- [Aim of the exercise]: Omit all pictures, then retype exactly the lines from the one that contains "Pantalon de petit" through the end of the listing.

- [Information supplied]:
--------------------------------------------------

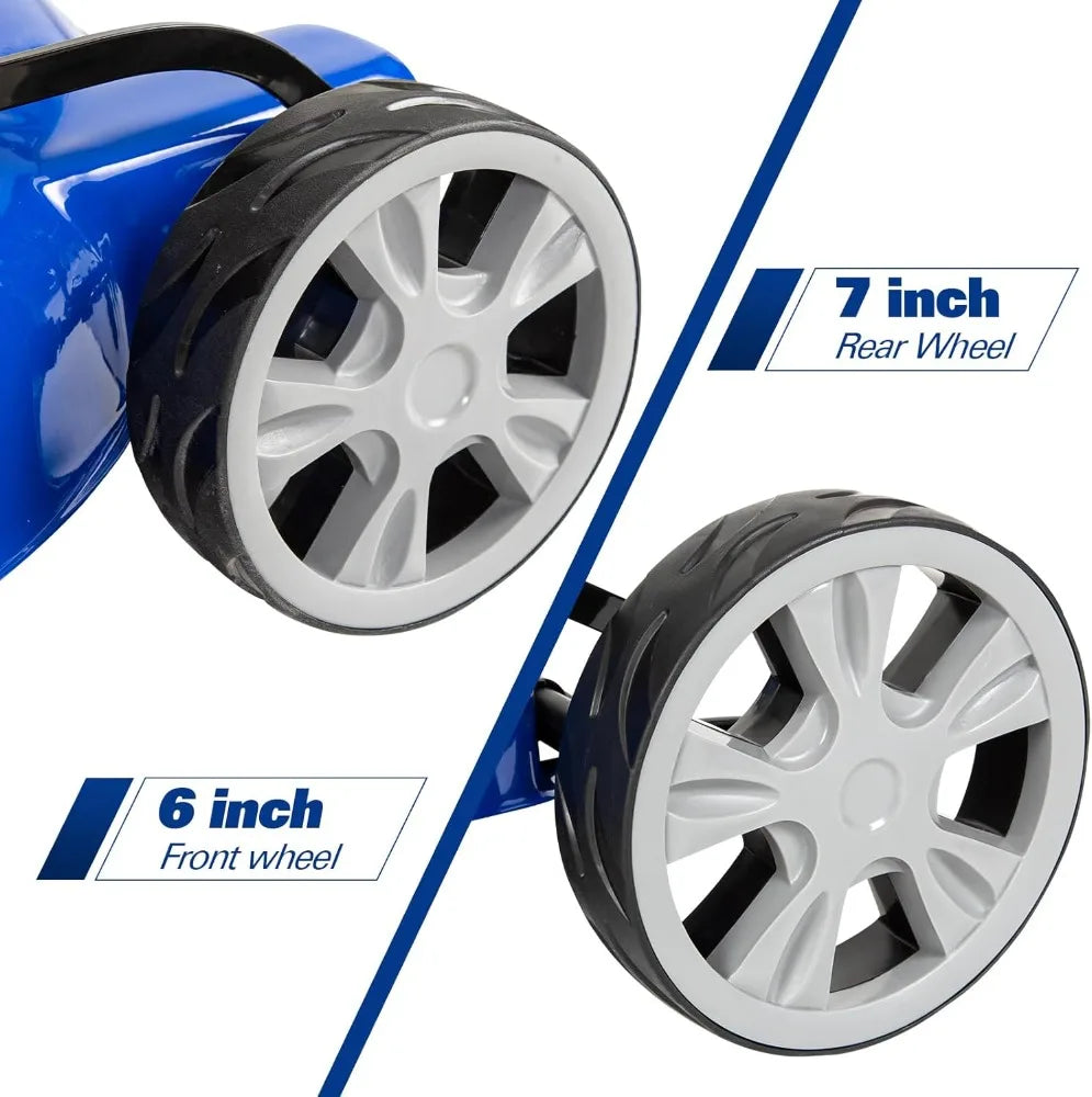 - Mowing Convenience: Experience smooth mobility with 7” rear and 6” front double ball-bearing wheels. The comfortable foam-wrapped angled grip reduces strain during extended use.
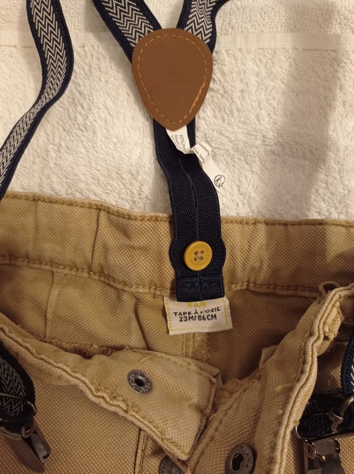 Pantalon de petit garçon avec bretelles ou sans bretelle élastique à la taille réglage de poche en toile marron clair marque tape à l'oeil taille 23 - 86 cm - photo numéro 8
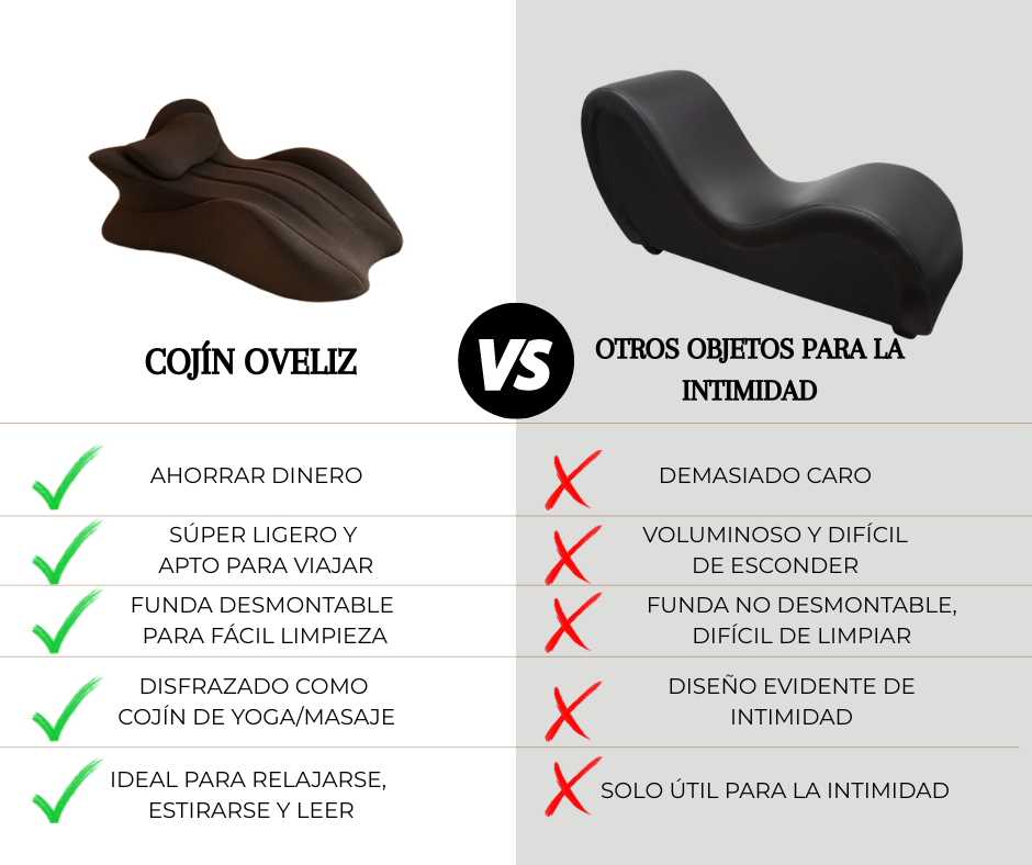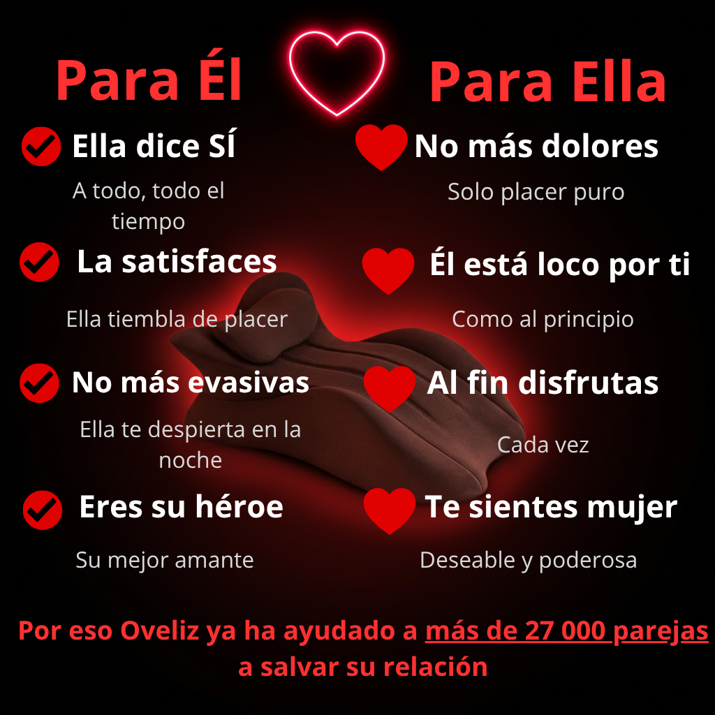 La almohada Oveliz libera los movimientos, equilibra delicadamente los ángulos y hace que cada posición sea fluida y natural. Misionero intenso, cowgirl sin esfuerzo, 69 cómodo, posiciones laterales sin dolor... y eso es solo el comienzo.

--------------------------------------------------

- [Your response]:
 Pantalon de petit garçon avec bretelles ou sans bretelle élastique à la taille réglage de poche en toile marron clair marque tape à l'oeil taille 23 - 86 cm - photo numéro 8
 La almohada Oveliz libera los movimientos, equilibra delicadamente los ángulos y hace que cada posición sea fluida y natural. Misionero intenso, cowgirl sin esfuerzo, 69 cómodo, posiciones laterales sin dolor... y eso es solo el comienzo.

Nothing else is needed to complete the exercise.